## Problem statement
Although pictures appear in the entries below, leave them out and print exactly the lines from the first line through the line containing "Electric Awning with".

+++

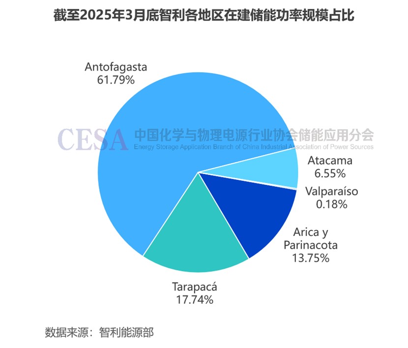 截至2025年3月31日,智利共有12個(gè)鋰電池儲能系統(tǒng)正在建設(shè)中,總規(guī)模1.68GW/6.122GWh,總投資21.4億美元(折合人民幣155.71億元),其中安托法加斯塔地區(qū)在建項(xiàng)目規(guī)模達(dá)1.038GW/3.883GWh,功率規(guī)模占比61.79%。
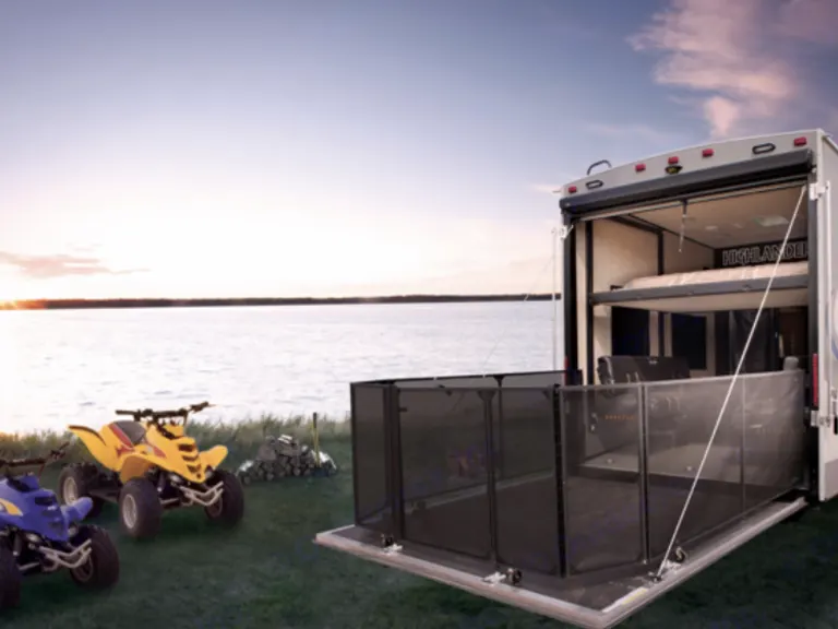 Electric Awning with LED lighting and sun shade over rear patio area. Tv in both rear sleeping/sitting area as well as in main living area. Outdoor speakers, bbq and Spray Shower.This Toy Hauler is heavy and needs to be towed with a 3/4 ton truck. Equalizer hitch included in rental.Grey and blackwater tanks must be emptied before return.
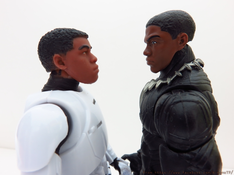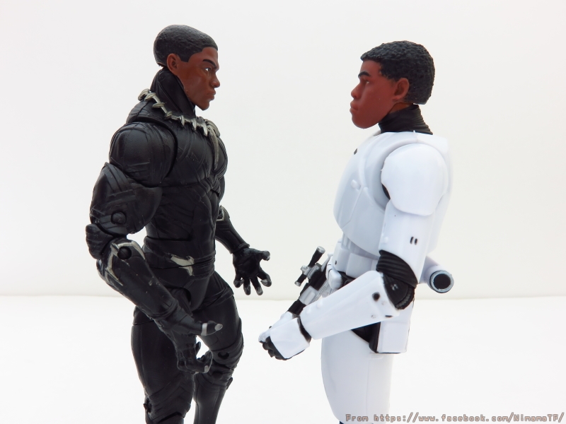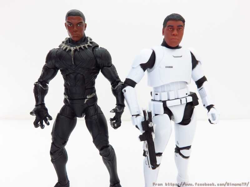再來我把FINN跟黑豹擺在一起看看,之所以會這樣是因為前陣子看到六吋黑豹到貨了,馬馬就戲稱黑豹是FINN跑去打工的角色,因為都是黑人演員擔綱演出,加上玩具的部分都有呈現出來,於是就決定這樣做了。
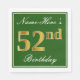 Este sencillo y elegante diseño de servilletas de papel presenta un mensaje como "Nombre-Acá es el cumpleaños número 52" (el "52" tiene un falso color dorado) dentro de un área cuadrada de color verde con un simple contorno fronterizo. El nombre está en un texto similar a un guión de color blanco y se puede personalizar. Las servilletas como estas podrían ser usadas en una fiesta de cumpleaños para alguien que esté celebrando su cincuenta segundo cumpleaños. [~Z0000137]
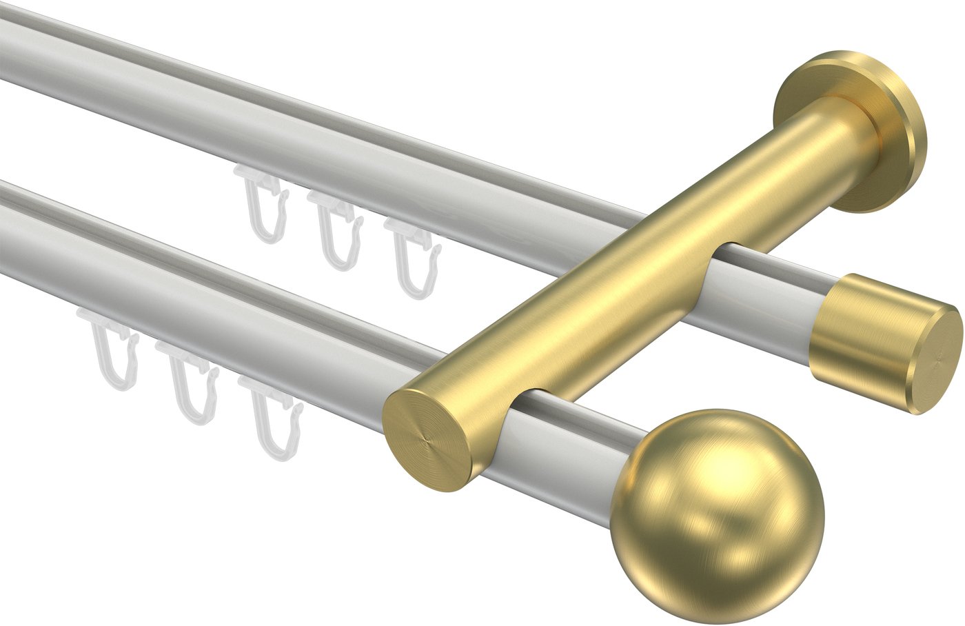 Gardinenstangen mit Innenlauf aus Aluminium / Metall in 20 mm Ø, 2-läufig, Modell PLATON - Luino Weiß / Messing-Optik
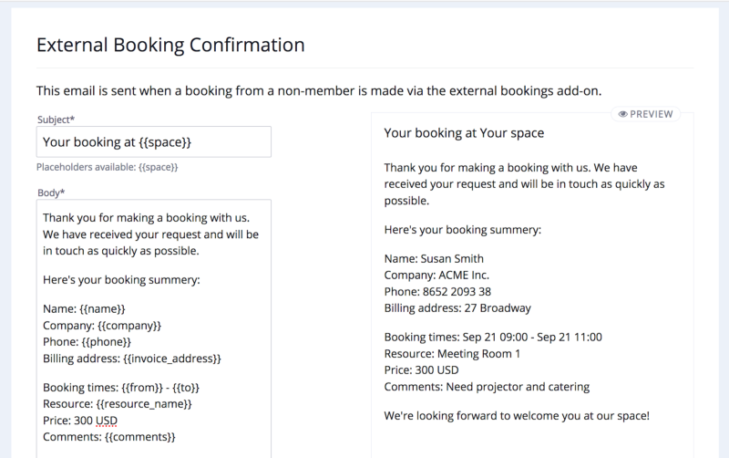 We released a feature that allows to customize and send out automated confirmation emails when you get external bookings. This way you can not only confirm that you’ve received their reservation but also inform non-members about any particulars regarding your space and other relevant information. You can read more about our External Bookings add-on here.
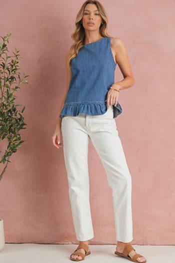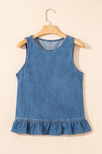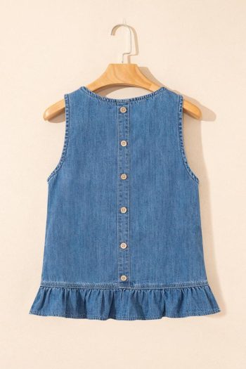 Women Sleeveless Tops | Sky Blue Ruffle Hem Button Back Sleeveless Denim Top

+++

## Reply
 截至2025年3月31日,智利共有12個(gè)鋰電池儲能系統(tǒng)正在建設(shè)中,總規(guī)模1.68GW/6.122GWh,總投資21.4億美元(折合人民幣155.71億元),其中安托法加斯塔地區(qū)在建項(xiàng)目規(guī)模達(dá)1.038GW/3.883GWh,功率規(guī)模占比61.79%。
 Electric Awning with LED lighting and sun shade over rear patio area. Tv in both rear sleeping/sitting area as well as in main living area. Outdoor speakers, bbq and Spray Shower.This Toy Hauler is heavy and needs to be towed with a 3/4 ton truck. Equalizer hitch included in rental.Grey and blackwater tanks must be emptied before return.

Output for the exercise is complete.